== Segment start ==

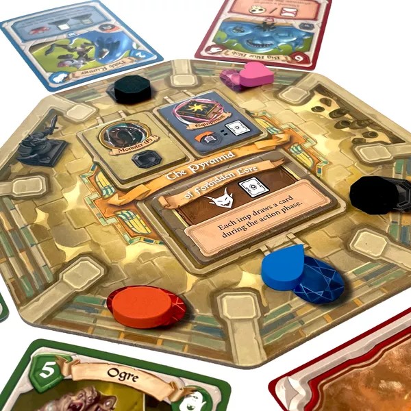 このゲームは戦略的なボードゲームで、プレイヤーは八角形のダンジョンボードの周りにクリーチャーカードを表向きと裏向きで配置し、貴重な魔法のアーティファクトと宝石のセットを集めることを目指します。
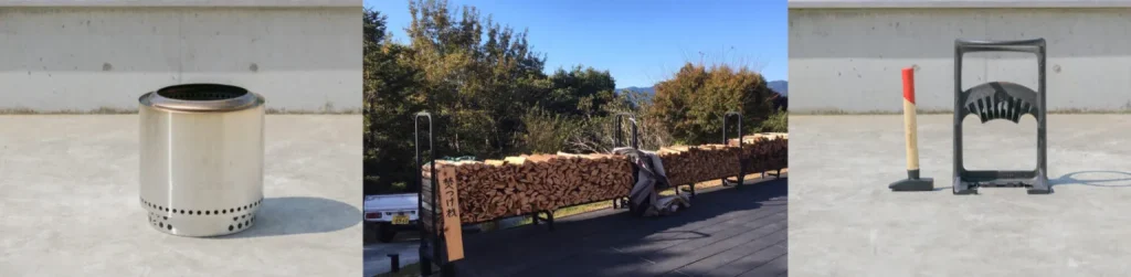 焚き火用品一式:薪、キンドリングクラッカー(薪割機)、ソロストーブ、着火剤、チャッカマン
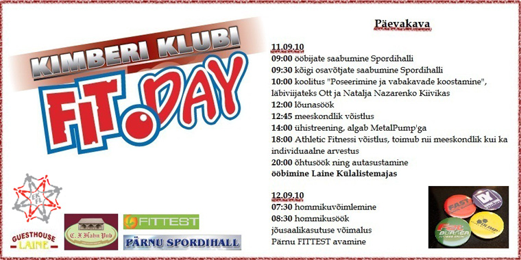 MemberSeptembri teisel laupäeval, 11.09.2010 toimub Pärnus sportlaste ühisüritus Fit.Day Kimberi Klubi.

== Segment end ==

**EXERCISE BRIEF:**
Every line of the data above should be returned exactly, with the pictures removed.

**REPLY:**
 このゲームは戦略的なボードゲームで、プレイヤーは八角形のダンジョンボードの周りにクリーチャーカードを表向きと裏向きで配置し、貴重な魔法のアーティファクトと宝石のセットを集めることを目指します。
 焚き火用品一式:薪、キンドリングクラッカー(薪割機)、ソロストーブ、着火剤、チャッカマン
 MemberSeptembri teisel laupäeval, 11.09.2010 toimub Pärnus sportlaste ühisüritus Fit.Day Kimberi Klubi.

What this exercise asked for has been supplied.